> _What is required_
Please return only the lines from the one with "Nestled on 320" through the final line of the data, unchanged, with pictures omitted.

Start of Block

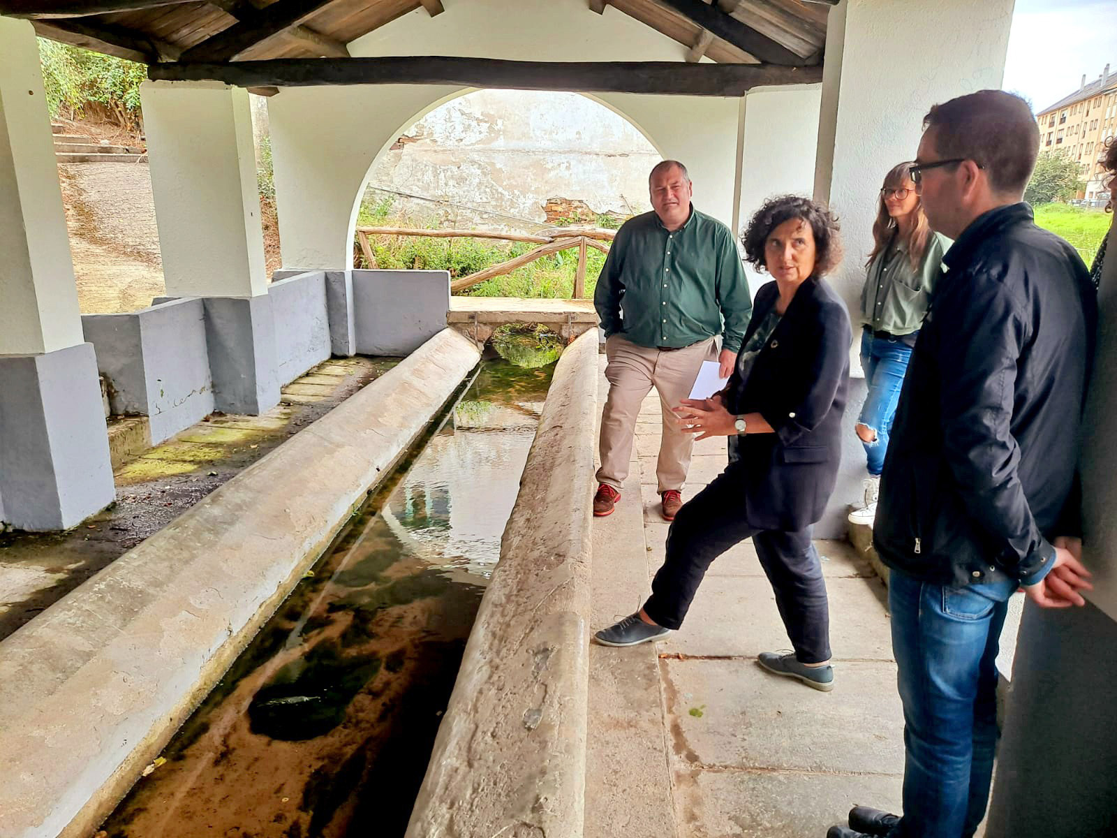 • La consejera de Cultura, Berta Piñán, visita el albergue y el lavadero de la capital veigueña, cuya rehabilitación cofinanció el Gobierno de Asturias
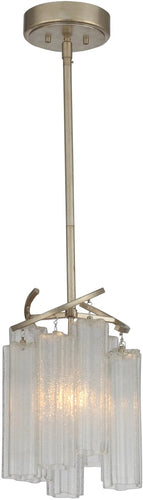The 11"W Victoria 1 Light Pendant in Golden Silver is a stunning addition to any home, blending contemporary and traditional design elements seamlessly. This exquisite pendant light features cascading Waterfall glass shades that create a mesmerizing visual effect, adding a touch of sophistication and elegance to your space. The Golden Silver finish enhances its luxurious appeal, making it a perfect centerpiece for any room.
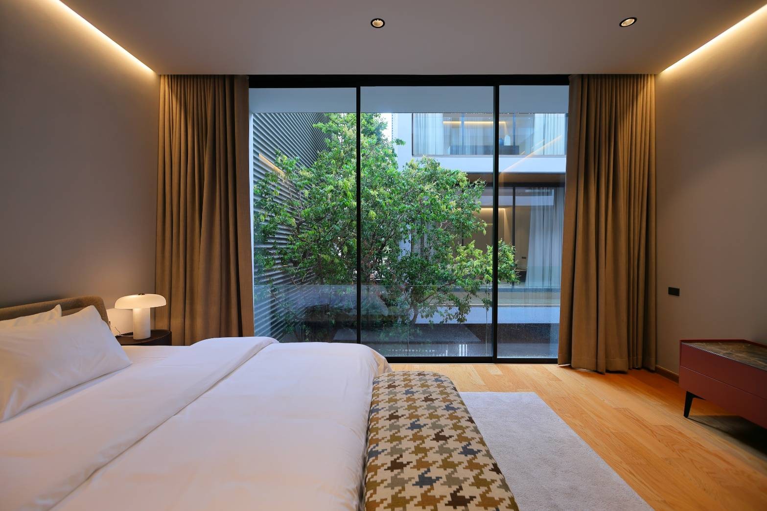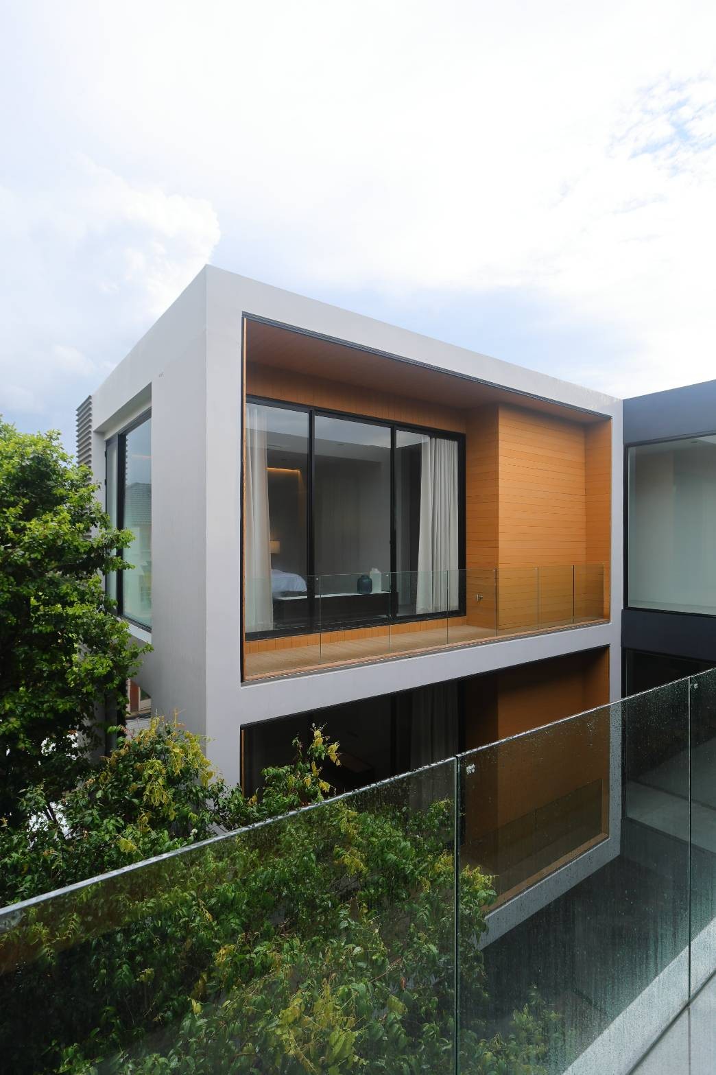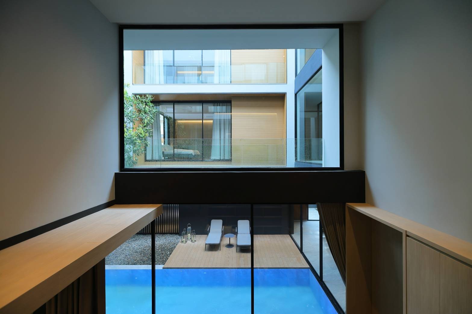 - วางผังเป็นตัวCคั่นกลางฝั่งด้านติดถนนและหลังบ้านด้วยคอร์ทโล่งตั้งแต่ชั้นล่างทะลุไปถึงท้องฟ้า
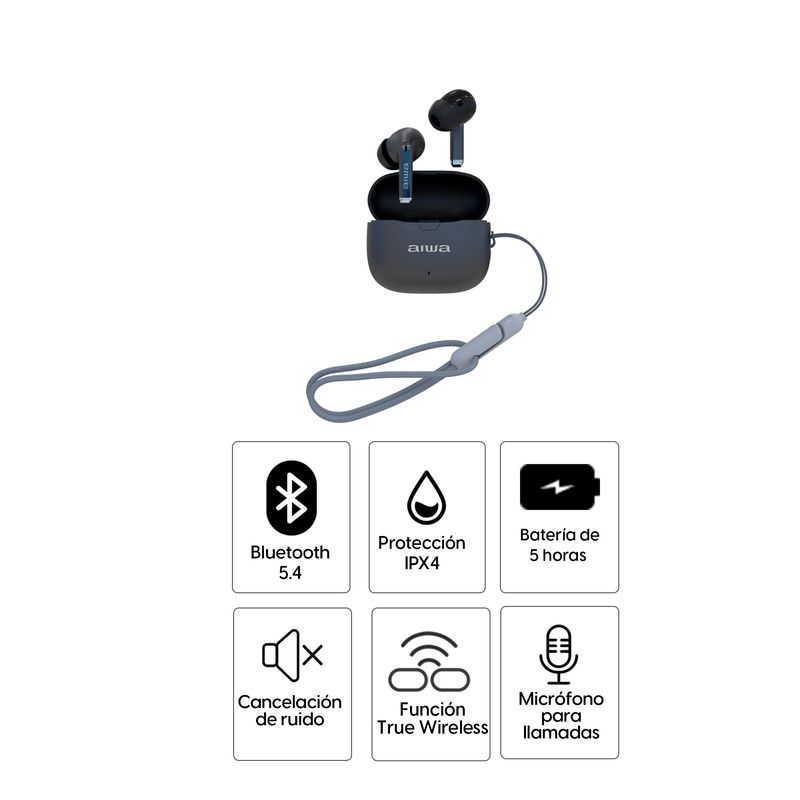 Los audífonos Bluetooth True Wireless Aiwa en color negro combinan estilo y tecnología para ofrecerte una experiencia auditiva superior. Con diseño moderno y ligero, son perfectos para llevar a cualquier lugar.
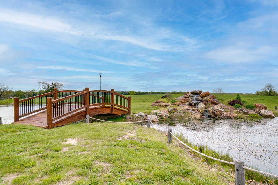 Nestled on 320 acres, this inviting 4-bedroom, 4-bathroom vacation rental is the perfect country escape for your family or friends! Walk along the property's tranquil pond with a loved one, or visit the on-site White Mule Winery for a delicious steak dinner. This charming Owensville home also features a covered patio, a Blackstone grill for barbeques, and multiple en-suite bathrooms. Hoping to have some outdoor fun? Take a day trip to the amazing Meramec Caverns!
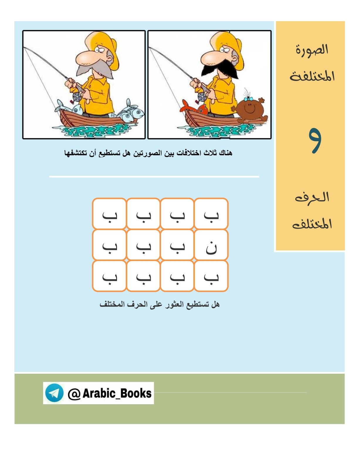 عينك على الحرف: تدريبات تركيز لتعلم أبجديتك نشاط جد الاختلافات بكل صورة لزيادة تركيز الأطفال اثناء التعلم.
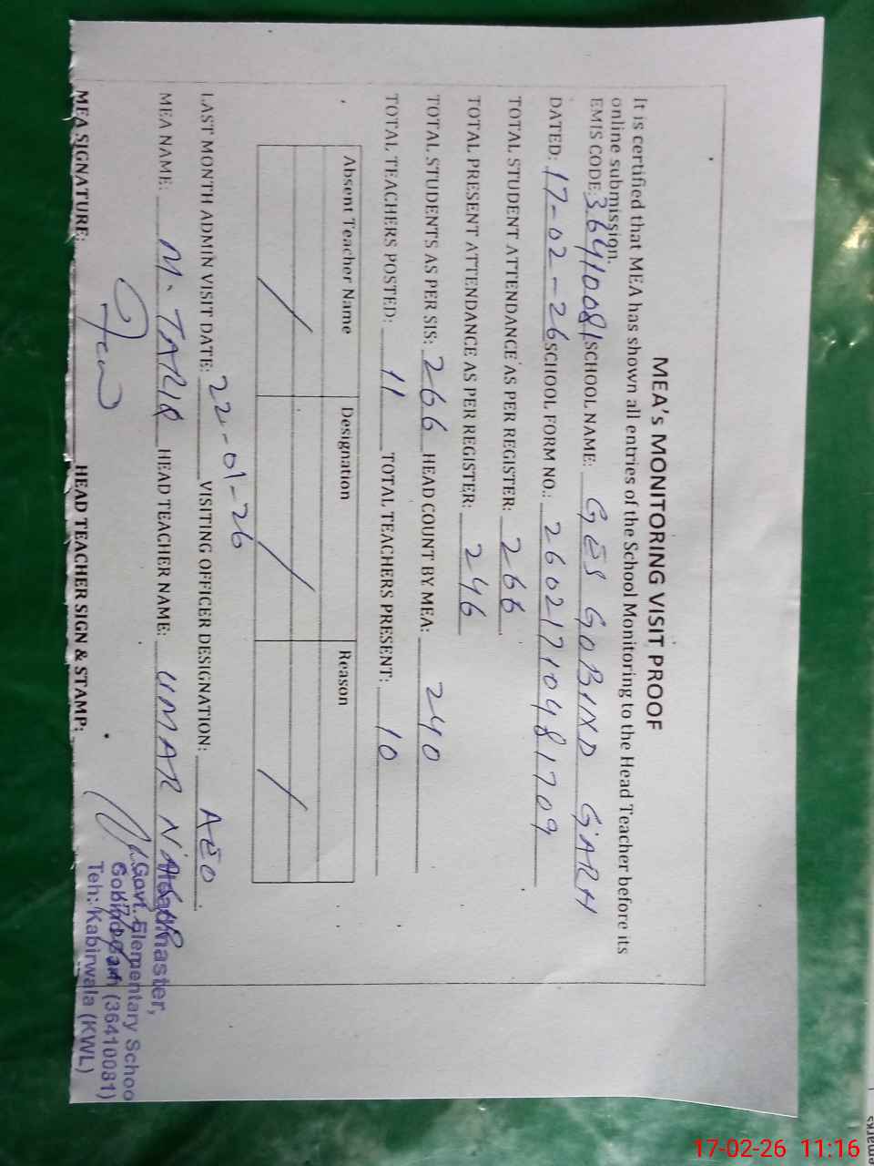 | EMIS Code: 36410081 | Name of School: GES GOBIND GARH, ABDUL HAKIM | |||
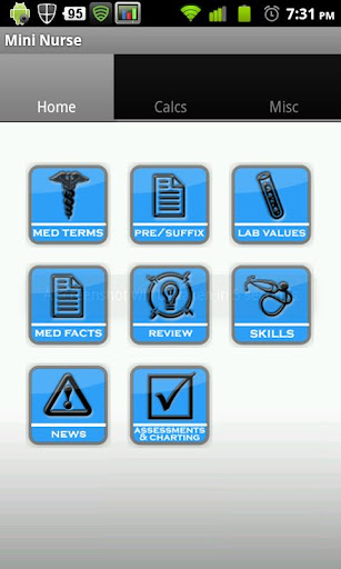 General information from medical terminology, medical abbreviations, medical suffixes and prefixes, different type of calculators, lung and heart sounds, subcutaneous injection sites, medical calculation practice, practice questions on various nursing subjects, and much more!

End of Block

> _Result for this task_
 Nestled on 320 acres, this inviting 4-bedroom, 4-bathroom vacation rental is the perfect country escape for your family or friends! Walk along the property's tranquil pond with a loved one, or visit the on-site White Mule Winery for a delicious steak dinner. This charming Owensville home also features a covered patio, a Blackstone grill for barbeques, and multiple en-suite bathrooms. Hoping to have some outdoor fun? Take a day trip to the amazing Meramec Caverns!
 عينك على الحرف: تدريبات تركيز لتعلم أبجديتك نشاط جد الاختلافات بكل صورة لزيادة تركيز الأطفال اثناء التعلم.
 | EMIS Code: 36410081 | Name of School: GES GOBIND GARH, ABDUL HAKIM | |||
 General information from medical terminology, medical abbreviations, medical suffixes and prefixes, different type of calculators, lung and heart sounds, subcutaneous injection sites, medical calculation practice, practice questions on various nursing subjects, and much more!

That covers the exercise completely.